Pulling from the dictionary, where a few definitions of what a pattern is reside, the one that I like in this instance is this: a combination of qualities, acts, tendencies, etc., forming a consistent or characteristic arrangement; anything fashioned or designed to serve as a model or guide for something to be made. In essence, a consistent model that allows for variety.

It’s a tough sell because this concept is not wrapped in a sexy, glossy package. No promises of enlightenment  through discipline. But perhaps the promise of tamed anxiety and realization that you have the knowledge and skills within. So let’s take a collective, deep, steadying, cleansing breath and look at what healthy eating patterns might look like.

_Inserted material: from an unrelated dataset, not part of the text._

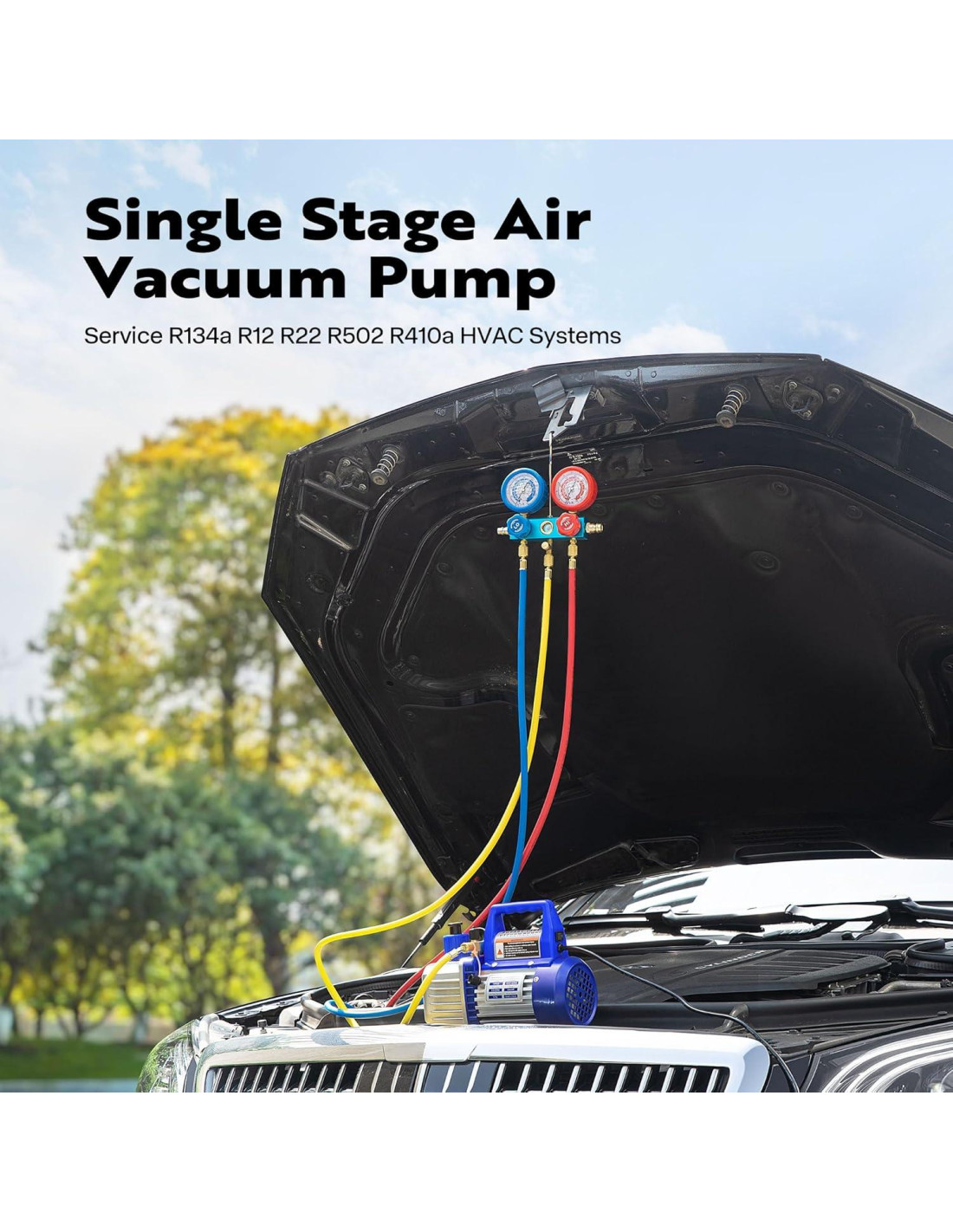 - TODOS LOS ACCESORIOS NECESARIOS: Incluye una bomba de vacío de una etapa, una botella de aceite, un termómetro y un juego de manómetros; Perfecto para aire acondicionado automotriz, trabajo de HVAC, refrigeración y otras aplicaciones que requieren un alto vacío de una bomba compacta

For starters, let’s just accept that there is no need for a punishing regimen for our bodies to detox. We have livers and kidneys who do the job just fine. Now onwards. Here are some healthy eating patterns to get you started, my Top Ten if you will:

  1. Eating more whole fruits and vegetables IS in fact a good thing – the more the better. If possible, at every meal and making up the majority of your plate. No argument from me here. Besides adding a whack load of vitamins and minerals, they add to our fibre intake which we are severely lacking in. Fibre is the nerdy, undervalued, introverted but quietly powerful superhero of the nutrient world – balancing blood sugar, keeping our gastrointestinal systems in tip top shape, taming cholesterol levels and more.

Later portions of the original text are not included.